19. A monomer-containing polyisocyanurate mixture, prepared by a process comprising:
partially trimerizing isophorone diisocyanate at a temperature reaching at least 140° to 167° C. in the presence of a catalyst, said catalyst consisting of a compound having the formula:
(R—NX3)Y
wherein R and X are butyl groups and Yis CH3COO; or
wherein R is a benzyl group, Y is a carboxylate anion having from 4 to 8 carbon atoms and each X is an alkylene group having from 2 to 3 carbon atoms, wherein said three alkylene groups share a common carbon atom and, together with N atom in the formula, from a tricyclic bridged structure, and wherein at least one alkyene group has at least one OH group in an α or β or γ position relative to the N atom.
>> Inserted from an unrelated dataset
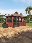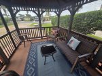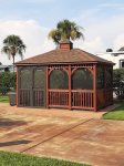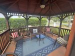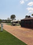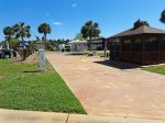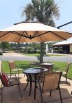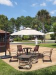 Welcome to 577 Portofino Loop, a superior pull through lot with an extra large patio, multiple seating options, and a screened in gazebo with comfortable furnishing and ceiling fan! Enjoy an evening outside the gazebo with a bistro table and chairs nestled around a beautiful gas firepit. A granite tabletop base houses the propane tank and can be used for your favorite beverage to rest on! During the daytime, the large umbrella offers extra shade to keep you outdoors longer. This is the ideal lot for those who want to be a close walk to our Welcome Center, grand Clubhouse, and our beautiful infinity edge swimming pool. Propane for the firepit sold separately at our Welcome Center, please inquire with our staff for current price.

20. A process, comprising:
partially trimerizing isophorone diisocyanate in the presence of a catalyst having the formula:
(R—NX3)Y
wherein R is a benzy group, Yis a carboxylate anion having from 4 to 8 carbon atoms and each X is an alkylene group having from 2 to 3 carbon atoms, wherein the three alkylene groups share a common carbon atom and, together with N atom in the formula, form a bridged tricyclic structure, and wherein at least one alkyene group has at least on OH group in an α or β or γ position relative to the N atom,
to obtain a monomer-containing polyisocyanurate mixture.
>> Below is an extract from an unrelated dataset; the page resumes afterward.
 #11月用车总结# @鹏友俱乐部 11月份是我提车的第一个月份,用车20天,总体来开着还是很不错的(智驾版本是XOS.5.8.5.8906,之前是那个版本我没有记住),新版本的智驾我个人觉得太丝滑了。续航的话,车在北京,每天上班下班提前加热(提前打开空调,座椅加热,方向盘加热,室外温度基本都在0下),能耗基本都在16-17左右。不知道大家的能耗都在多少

21. The process as claimed in claim 20, wherein the catalyst is N-benzyl-3- hydroxyquinuclidinium 2-ethylhexanoate.
22. The process as claimed in claim in claim 20, wherein the carboxylate anion having from 4 to 8 carbon atoms is an anion of a carboxylic acid selected from the group consisting of pivalic acid, hexanoic acid, 2-ethylhexanoic acid, adipic acid and succinic acid.
23. The process as claimed in claim 20, wherein the partial trimerization is carried out over a period of 30 seconds to 2 hours.
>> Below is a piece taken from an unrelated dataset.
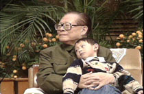 中國(guó)國(guó)家主席、中央軍委主席江澤民二十日在北京人民大會(huì)堂抱著王偉的兒子,會(huì)見被美機(jī)撞毀犧牲的飛行員王偉的家屬。

24. The process as claimed in claim 20, wherein said catalyst is present in an amount of 0.01 to 20% by weight, based on the weight of the diisocyanate.
25. The process as claimed in claim 20, wherein said catalyst is present in an amount of 0.04 to 1% by weight, based on the weight of the diisocyanate.
26. The process as claimed in claim 20, wherein the partial trimerization is carried out at a temperature of 0 to 200° C.
27. The process as claimed in claim 20, wherein the partial trimerization is carried out at a temperature of 20 to 180° C.
28. The process as claimed in claim 20, wherein the isophorone diisocyanate is prepared by a phosgene process or a phosgene-free process.
29. The process as claimed in claim 20, wherein the monomer-containing polyisocyanurate mixture comprise one or more free —NCO groups.
30. The process as claimed in claim 20, wherein the monomer-containing polyisocyanurate mixture has a free —NCO content of 25 to 34% by weight with respect to the total weight of said mixture.
31. The process as claimed in claim 20, wherein the partial trimerization is carried out continuously.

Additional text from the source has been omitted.